6. Boosted Brain Power
Pilates has been shown to positively affect your mental sharpness, too. A study involving 110 Spanish women over age 60 found a three-month Pilates program improved verbal fluency and executive function, as measured by a test involving timed motor and visual tasks. The researchers noted physical improvements as well, including better lower-body strength and functional flexibility. But it should be noted that they didn’t see any improvements in other measures of cognitive function (including language, attention and calculation, recall, orientation, and registration) among the study participants. The study researchers noted that their research focused on the short-term results and future research should investigate the effect a long-term Pilates practice has on the brain.
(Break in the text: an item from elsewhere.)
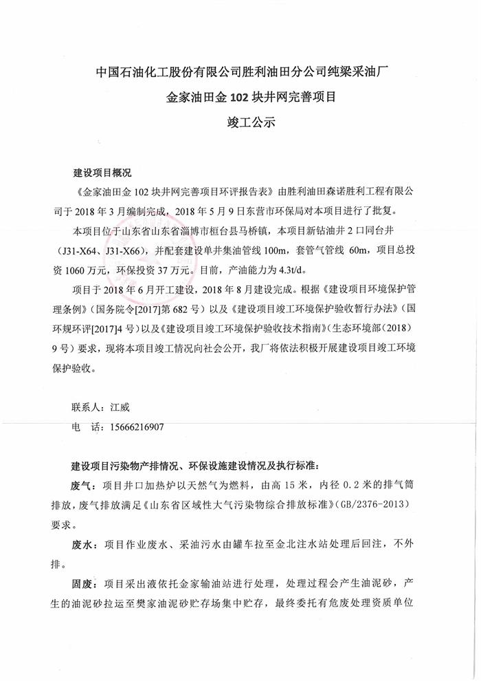 中國石油化工股份有限公司勝利油田分公司純梁采油廠(chǎng)金家油田金102塊井網(wǎng)完善項目竣工公示
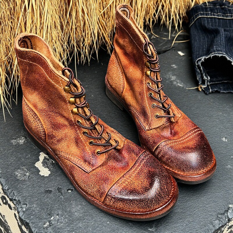 美式复古英伦风做旧纯牛皮靴男高帮工装机车鞋厚底真皮马丁短靴潮

7. Improved Symptom Management for People With Parkinson’s Disease
Parkinson’s disease can lead to motor challenges, but Pilates may be able to help. One review and meta-analysis found Pilates helped patients with Parkinson’s disease improve their fitness, balance, and functional autonomy, with benefits to the lower body specifically. The researchers concluded that Pilates can be prescribed to treat those with mild to moderate Parkinson’s disease.
How Long Does It Take to See Benefits?
The answer to this question depends on the individual, what your starting point is, and what your goals are. For instance, the previously mentioned systematic review on low back pain noted positive changes after 20 cumulative hours of Pilates were logged. That’s 10 weeks of two one-hour sessions each week. Milton estimates that in general you can expect to see the benefits at the six to eight week mark of practicing Pilates twice a week. If you’d like to do Pilates more frequently than that, go right ahead. You only risk overdoing it if your form is compromised. Milton says that so long as you’re using good technique and activating the correct muscles, you should remain injury free.